(Source records)
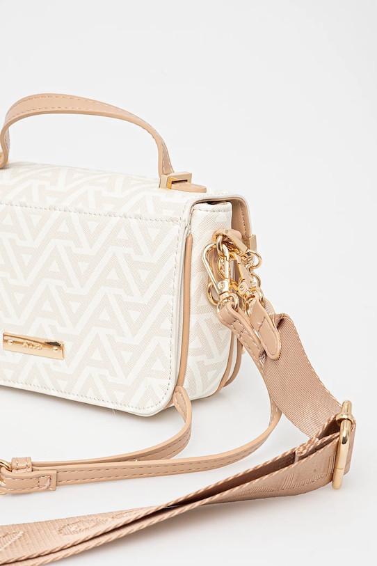 Небольшая сумочка из коллекции Aldo. Модель на молнии, выполнена из экокожи. - Внутренняя часть частично изготовлена из переработанных волокон. - Имеет ручку и съемный регулируемый ремень. - Имеет три отделения, одно из которых застегивается на молнию. - Модель с декоративной цепочкой. - Клапан застегивается на магнит. - Имеет два внутренних кармана: один прорезной, другой на молнии. - Не подходит для формата А4. - Ширина у основания: 21 см. - Высота: 12 см. - Глубина: 9 см.
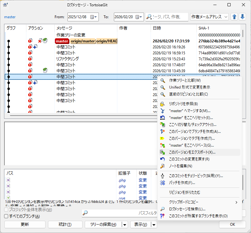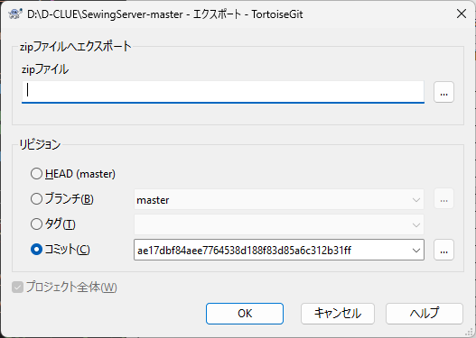 ファイル名を指定して「OK」 ファイルは、「.zip」形式で出力されますので、解凍すれば使えます。 「SVN」と異なるのは、「SVN」は、リポジトリとして全体が出力されますが、「Git」では、そのリビジョンで登録されているファイルのみを取得することになります。 |
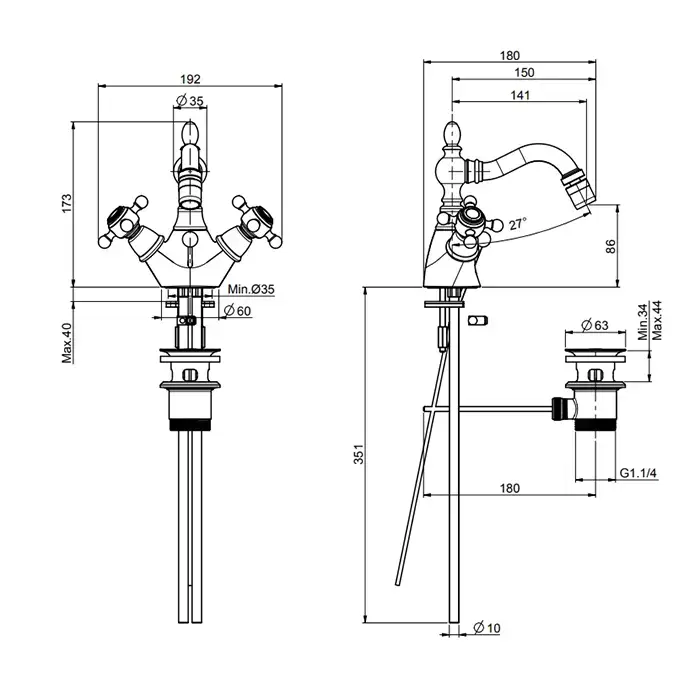 Fima Carlo Frattini Elizabeth Смеситель для биде, на 1 отв., цвет: золото
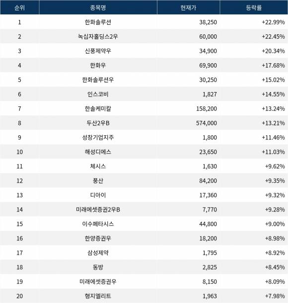 6위 인스코비(006490)는 종가 1,827원으로 14.55% 상승 마감했다. 7위 한솔케미칼(014680)은 종가 158,200원으로 13.24% 상승 마감했다. 8위 두산2우B(000157)는 종가 574,000원으로 13.21% 상승 마감했다. 9위 성창기업지주(000180)는 종가 1,800원으로 11.46% 상승 마감했다. 10위 해성디에스(195870)는 종가 23,650원으로 11.03% 상승 마감했다.
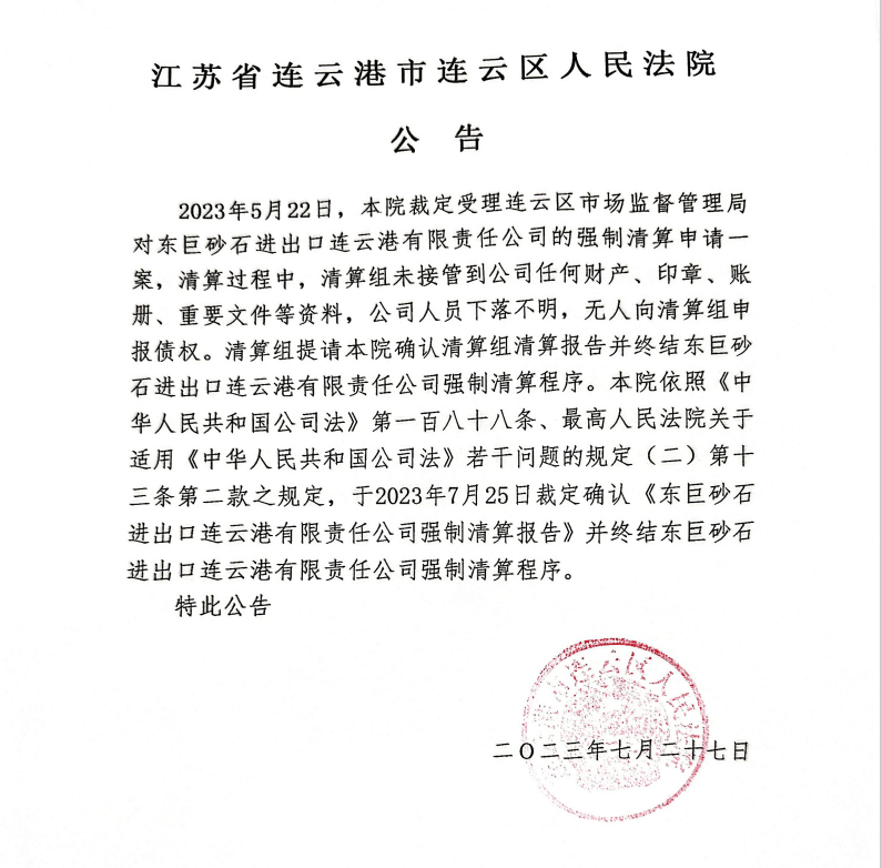 7月27日,江蘇省連云港市連云區(qū)人民法院公告,2023年5月22日,本院裁定受理連云區(qū)市場(chǎng)監(jiān)督管理局對(duì)東巨砂石進(jìn)出口連云港有限責(zé)任公司的強(qiáng)制清算申請(qǐng)一案,清算過程中,清算組未接管到公司任何財(cái)產(chǎn)、印章、賬冊(cè)、重要文件等資料,公司人員下落不明,無人向清算組申報(bào)債權(quán)。清算組提請(qǐng)本院確認(rèn)清算組清算報(bào)告并終結(jié)東巨砂石進(jìn)出口連云港有限責(zé)任公司強(qiáng)制清算程序。本院于2023年7月25日裁定確認(rèn)《東巨砂石進(jìn)出口連云港有限責(zé)任公司強(qiáng)制清算報(bào)告》并終結(jié)東巨砂石進(jìn)出口連云港有限責(zé)任公司強(qiáng)制清算程序。
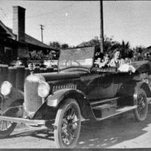 Photo--black and white, from Borba 8" x 10" celluloid negative: Two ladies and two young children seated in the back of a vintage car. Circa 1920s
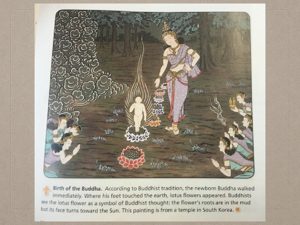 THE EARLY LIFE OF BUDDHA • Buddha’s birth was “miraculous” as he descended from heaven and entered his mother’s womb in the form of a white elephant ~ a symbol of purity • His mother died a week after giving birth and he was raised by his aunt • After he was born, legend has it he took 7 steps and said “this is my last birth” • A wise man suggested he may become an important figure or leader
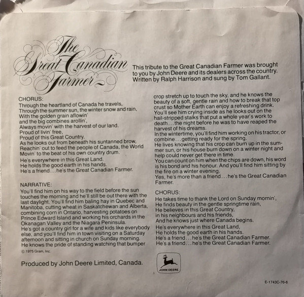 Gallant, Tom - The Great Canadian Farmer (picture sleeve)
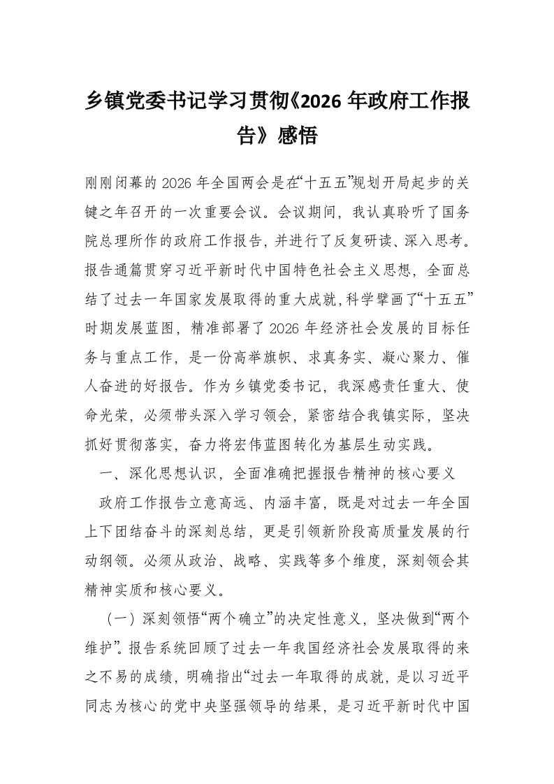 乡镇党委书记学习贯彻《2026年***工作报告》感悟

WORK REQUEST - What lines above run from the one with "THE EARLY LIFE" to the one with "Gallant, Tom - The"? Give them again exactly, ends included, and leave the pictures out.

WRITTEN RESPONSE -
 THE EARLY LIFE OF BUDDHA • Buddha’s birth was “miraculous” as he descended from heaven and entered his mother’s womb in the form of a white elephant ~ a symbol of purity • His mother died a week after giving birth and he was raised by his aunt • After he was born, legend has it he took 7 steps and said “this is my last birth” • A wise man suggested he may become an important figure or leader
 Gallant, Tom - The Great Canadian Farmer (picture sleeve)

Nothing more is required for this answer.